Print all the data that follows exactly, images excluded.

### THE DATA
━━━━━━━━━━
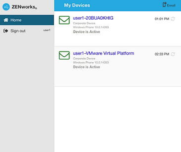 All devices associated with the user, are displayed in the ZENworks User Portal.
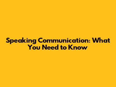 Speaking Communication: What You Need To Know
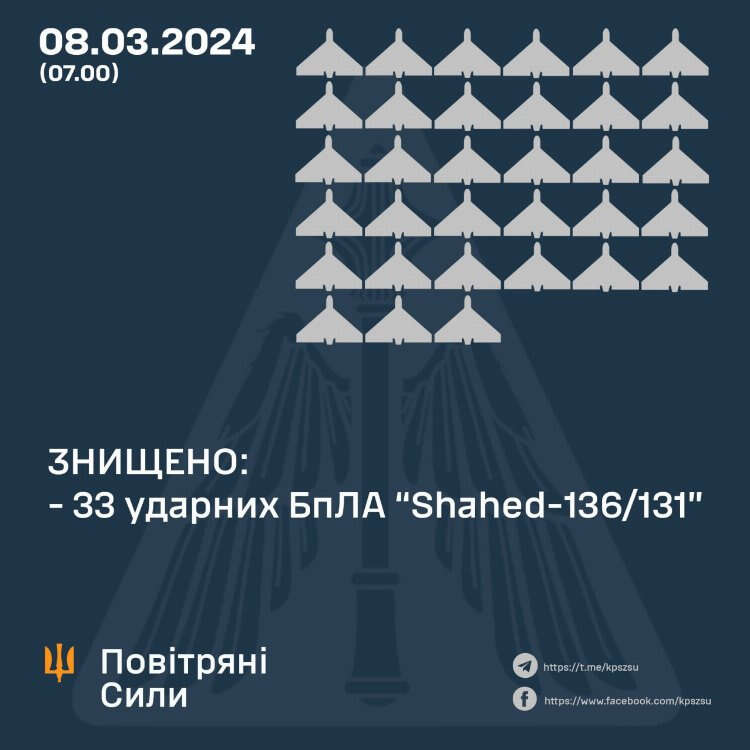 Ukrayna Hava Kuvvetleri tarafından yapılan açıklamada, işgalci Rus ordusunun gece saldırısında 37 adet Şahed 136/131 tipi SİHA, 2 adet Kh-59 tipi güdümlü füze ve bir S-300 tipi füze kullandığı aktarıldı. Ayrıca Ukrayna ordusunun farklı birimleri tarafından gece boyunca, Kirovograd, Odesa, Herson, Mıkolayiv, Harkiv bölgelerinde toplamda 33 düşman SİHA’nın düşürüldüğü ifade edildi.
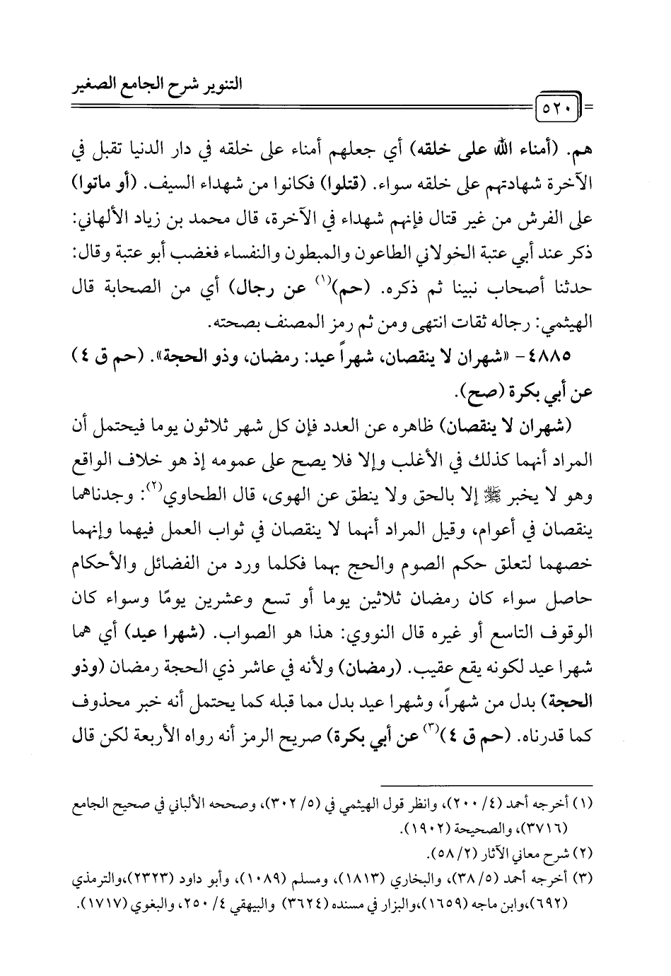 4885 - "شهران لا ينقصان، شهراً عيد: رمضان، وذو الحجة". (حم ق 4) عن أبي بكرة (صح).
━━━━━━━━━━
### WRITTEN SOLUTION
 All devices associated with the user, are displayed in the ZENworks User Portal.
 Speaking Communication: What You Need To Know
 Ukrayna Hava Kuvvetleri tarafından yapılan açıklamada, işgalci Rus ordusunun gece saldırısında 37 adet Şahed 136/131 tipi SİHA, 2 adet Kh-59 tipi güdümlü füze ve bir S-300 tipi füze kullandığı aktarıldı. Ayrıca Ukrayna ordusunun farklı birimleri tarafından gece boyunca, Kirovograd, Odesa, Herson, Mıkolayiv, Harkiv bölgelerinde toplamda 33 düşman SİHA’nın düşürüldüğü ifade edildi.
 4885 - "شهران لا ينقصان، شهراً عيد: رمضان، وذو الحجة". (حم ق 4) عن أبي بكرة (صح).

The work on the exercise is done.